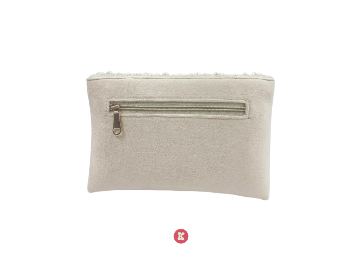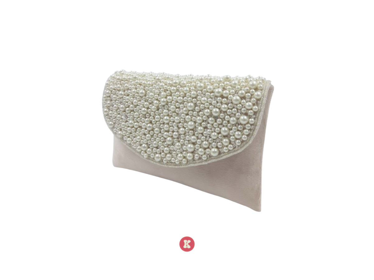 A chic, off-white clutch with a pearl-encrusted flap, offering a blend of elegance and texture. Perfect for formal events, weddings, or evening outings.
▬▬▬
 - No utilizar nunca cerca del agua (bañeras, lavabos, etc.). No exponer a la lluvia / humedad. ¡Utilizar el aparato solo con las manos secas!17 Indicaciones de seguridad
▬▬▬
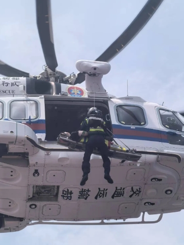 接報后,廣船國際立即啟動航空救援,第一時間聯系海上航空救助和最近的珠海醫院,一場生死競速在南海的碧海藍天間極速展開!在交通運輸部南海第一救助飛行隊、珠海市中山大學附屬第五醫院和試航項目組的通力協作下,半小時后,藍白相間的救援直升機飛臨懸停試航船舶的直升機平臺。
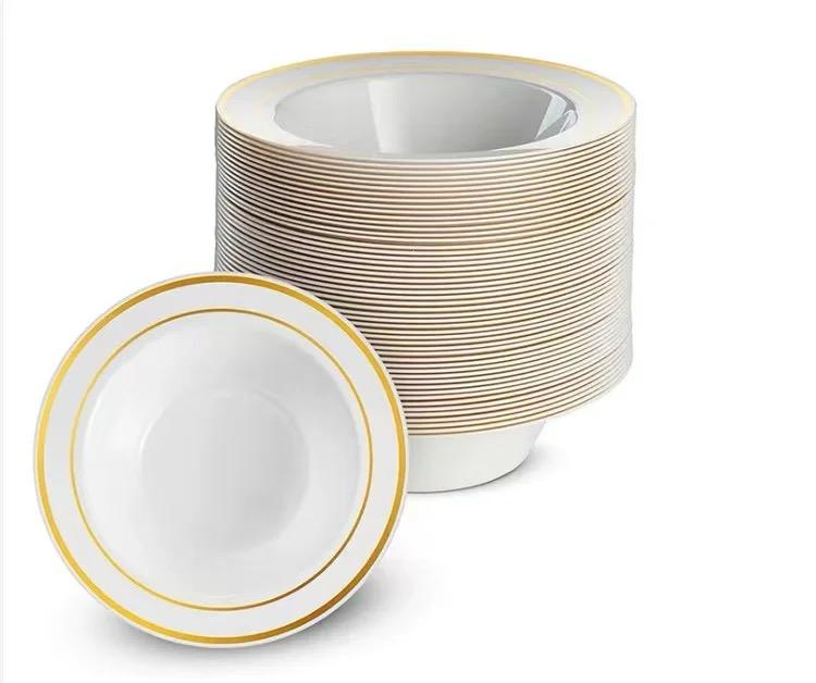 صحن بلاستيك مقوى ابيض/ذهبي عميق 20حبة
▬▬▬
A clean copy is needed of the lines in the listing above from the one with "接報后,廣船國際立即啟動航空" through the one with "صحن بلاستيك مقوى ابيض/ذهبي عميق 20حبة", exact in every word and free of pictures.

THE COMPLETED TASK:
 接報后,廣船國際立即啟動航空救援,第一時間聯系海上航空救助和最近的珠海醫院,一場生死競速在南海的碧海藍天間極速展開!在交通運輸部南海第一救助飛行隊、珠海市中山大學附屬第五醫院和試航項目組的通力協作下,半小時后,藍白相間的救援直升機飛臨懸停試航船舶的直升機平臺。
 صحن بلاستيك مقوى ابيض/ذهبي عميق 20حبة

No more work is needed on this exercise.